Кажется, Лукас понял, что она делает. Его руки в перчатках опустились на ее руки и остались там. Теперь она ощутила, насколько он неподвижен, насколько спокоен. Ей даже не верилось, что он собирался ждать, что предпочел сгореть, но не выйти на очистку. Она не могла вспомнить, чтобы кто-либо когда-либо делал подобный выбор. И это тревожило ее, когда они, обнявшись, лежали в темноте, а вокруг становилось все жарче.
Пламя уже лизало термопленку, а раскаленные потоки воздуха били в одеяло с такой силой, что его удары ощущались даже сквозь комбинезон. Температура подскочила, по лбу и губам Джульетты заструился пот, хотя на ее комбинезоне была улучшенная защита. «Одеяло не поможет, — поняла Джульетта. — Лукас в своем комбинезоне под ним не выживет». Она боялась только за него, даже когда начала ощущать жар на своей коже.

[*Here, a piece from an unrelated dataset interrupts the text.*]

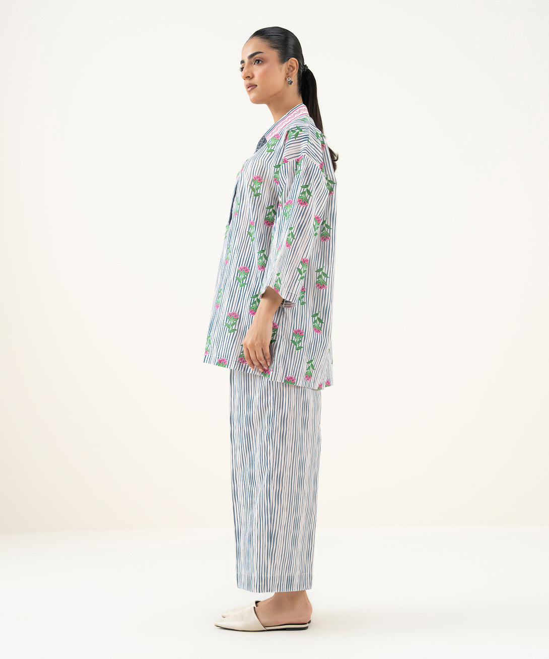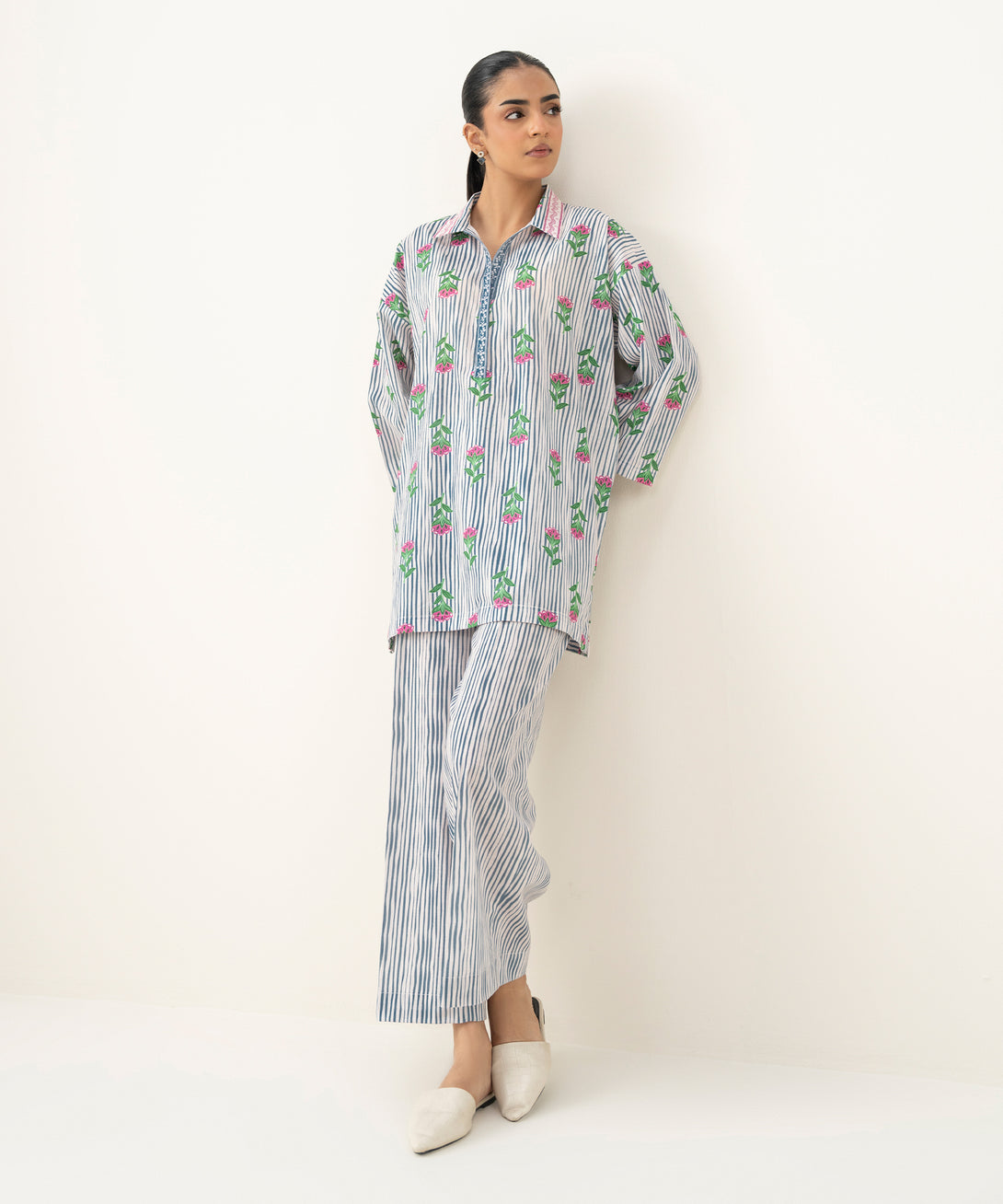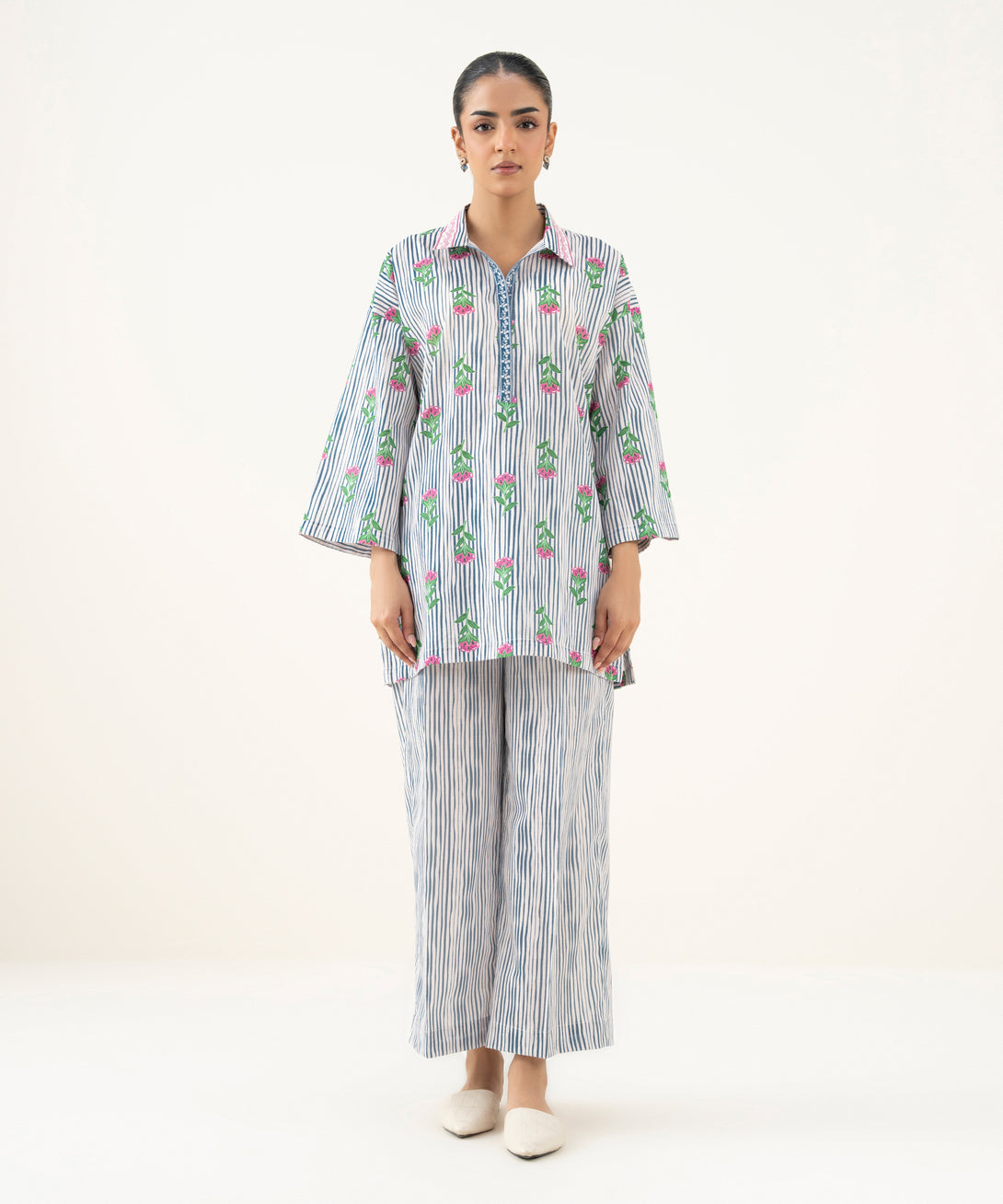 Printed Front Panel, Printed Back Panel, Collar With Placket Neckline, Full Sleeves, Short Length

Ее паника словно передалась Лукасу — или же он сильнее ощущал ожоги. Прижатые к ней руки задрожали. А потом Джульетта буквально ощутила, как он сошел с ума, или передумал, или начал гореть. Что-то произошло.
Лукас оттолкнул ее. Яркий свет проник под защитный купол: Лукас начал выползать из-под одеяла.
Джульетта завопила, призывая его остановиться. Вылезла следом, хватая его то за руку, то за ногу, то за ботинок, но Лукас лягался, бил ее кулаками, отчаянно стараясь освободиться.
С головы Джульетты упало одеяло, и свет едва не ослепил ее. Она ощутила невыносимый жар, услышала, как потрескивает ее шлем, как морщится и оплавляется. Она уже не могла ни разглядеть, ни почувствовать Лукаса, а лишь видела ослепительный свет и ощущала жгучий жар, опаляющий в тех местах, где ткань комбинезона касалась кожи. Джульетта завопила от боли и рывком натянула одеяло на голову, закрывая пластик.
А пламя все бушевало.
Она не могла коснуться Лукаса. Не могла увидеть. И уже не сможет его отыскать. Тысячи ожогов вздулись по всему телу, подобно тысячам ножей, терзающих плоть. Джульетта сидела в одиночестве под тонкой защитной пленкой, готовой вот-вот вспыхнуть и рыдала. Тело ее содрогалось от всхлипываний и гнева, она проклинала огонь, боль, бункер и весь мир.
Через какое-то время у нее закончились слезы, а в горелках иссяк газ. Раскаленный воздух стал просто жарким, и Джульетта смогла без опаски сбросить дымящееся одеяло. Кожа у нее горела, как в огне. Ожоги покрывали ее тело везде, где оно касалось внутренней поверхности комбинезона. Джульетта поискала взглядом Лукаса — и обнаружила его рядом.
Он лежал напротив двери. Комбинезон обуглился и шелушился в тех немногих местах, где ткань уцелела. Шлем был на месте, что избавило ее от ужасного зрелища обгоревшего лица, но он расплавился и смялся намного сильнее, чем ее собственный. Джульетта подползла ближе, сознавая, что дверь за ее спиной открывается, что за ней уже идут, что все кончено. У нее ничего не вышло.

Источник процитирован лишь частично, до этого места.